Ich bin ja nun schon eine Weile auf HarzIV und bin entsprechend verpflichtet, regelmässige Bewerbungen zu schreiben. Nicht, dass ich nichts zu tun hätte, denn mein Leben ist auch ohne festen Arbeitsplatz ausgefüllt. Meine Bewerbungsarie einmal im Monat sieht etwa so aus, dass ich die Seiten des Arbeitsamtes klicke und mir 10 Stellen raussuche, auf die ich mich bewerbe. In der Regel kommen da keine Antworten, oder höchstens so etwas wie “Ihr Profil entspricht nicht unseren Erwartungen”. Diesmal aber bekam ich praktisch postwendend die Antwort auf eine der Bewerbungen, ich solle mich bitte telefonisch melden. Zu dem Zeitpunkt hatte ich schon wieder vergessen, worauf ich mich eigentlich konkret in dem Fall beworben hatte, weil ich diese Bewerbungen ja eigentlich nicht so ernst meinte. Ich meldete mich also nicht sofort. Einen Tag später kam gleich noch einmal die Aufforderung mich zu melden, und einen weiteren Tag später noch eine, diesmal mit dem Spruch: “Ihre Lebensgeschichte macht sie für uns sehr interessant. Bitte melden sie sich unbedingt.”. Ich meldete mich und vereinbarte ein Vorstellungsgespräch. Ich wusste zu dem Zeitpunkt aber immer noch nicht wirklich, um was es eigentlich geht bei dem Job, weil der entsprechende Text doch sehr diffus war. Es sollte ein Treffen am Donnerstag in Ulm geben, dem Hauptsitz der Firma, un am nächsten Tag nach Frankfurt gehen.

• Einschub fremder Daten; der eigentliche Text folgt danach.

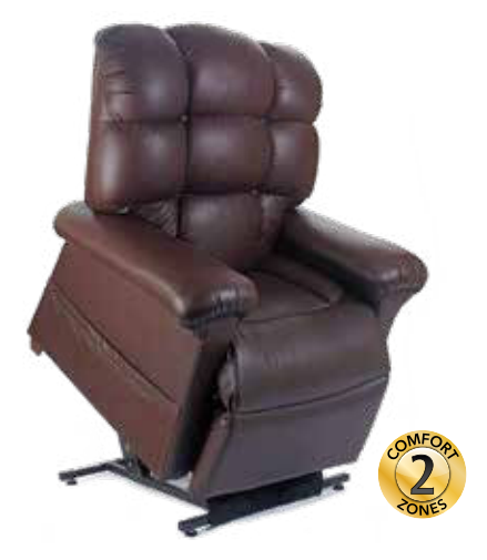
The Cloud<sup>™</sup> PR510-MLA shown in Brisa<sup>®</sup> Coffee Bean*

The Relaxer is the original MaxiComfort® power lift recliner. These chairs feature a luxurious three-pillow waterfall back with individual zippers for customizable comfort to relieve pressure and improve circulation. A full chaise pad provides lower body and leg support.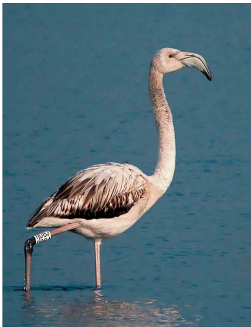
148 Greater Flamingo / Flamingo Phoenicopterus roseus , Secovlje's Salin, Slovenia, November 2005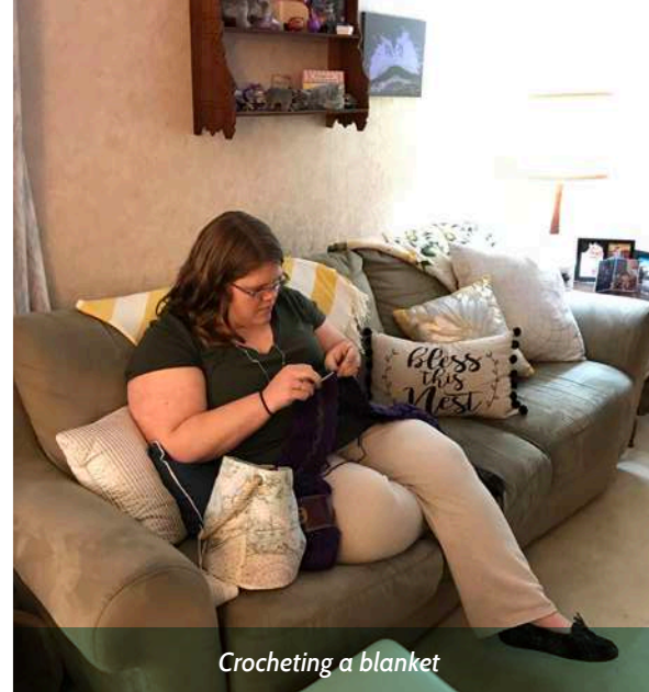
Crocheting a blanket

I have been teaching for 11 years. I have always wanted to be a teacher and love that this is what I am doing for the rest of my life. I also enjoy that I have my summers off and can spend that time with people that I love and do fun things like day trips to areas around me. The people that I work with are wonderful as well.

Mittwoch Nacht hatte ich ein sehr langes und frustrierendes Gespräch und dazu viel Alkohol getrunken. Nach nur 1 Stunde Schlaf habe ich mich zum Bahnhof geschleppt. Dort dann die Mitteilung, dass ich den Zug, den ich mir ausgesucht habe, nicht mit dem Ticket benutzen kann, das ich vom Arbeitsamt bekommen habe, weil der eine andere Route nimmt. Damit konte ich erstmal vergessen, um 13 Uhr in Ulm zu sein. Auf der Fahrt zwischen Dresden und Leipzig flog völlig unmotiviert mein Beastie von der Nadel. In Augsburg angekommen, wurde ich, nachdem ich den Zug zum Umsteigen verlassen hatte, erst einmal von zwei zivilen Polizisten angehalten. Auf meine Frage, was das soll bekam ich zur Antwort, sie seien auf der Suche nach Drogen und illegalen Einwanderern. Auf die scherzhafte Frage, ob Sachsen, die sich in Bayern aufhalten, als Illegale gelten wurde mit der Durchsuchung meiner Sachen beantwortet. Willkommen in Bayern. Sie guckten sich jeden Aufkleber an (von denen ich eine Menge habe), ich musste meinen Rechner anmachen und es fielen eine Menge merkwürdiger Sprüche. Nach etwa 20 Minuten konnte ich dann gehen und hatte Glück, grade noch den Zug zu erwischen. Im Zug selbst dann nochmal 2 Polizisten, die sich meinen Ausweis haben geben lassen und mit dem sinngemässen Spruch “Unsere Kollegen hatten sie grade schon in der Mache” war das aber schnell erledigt.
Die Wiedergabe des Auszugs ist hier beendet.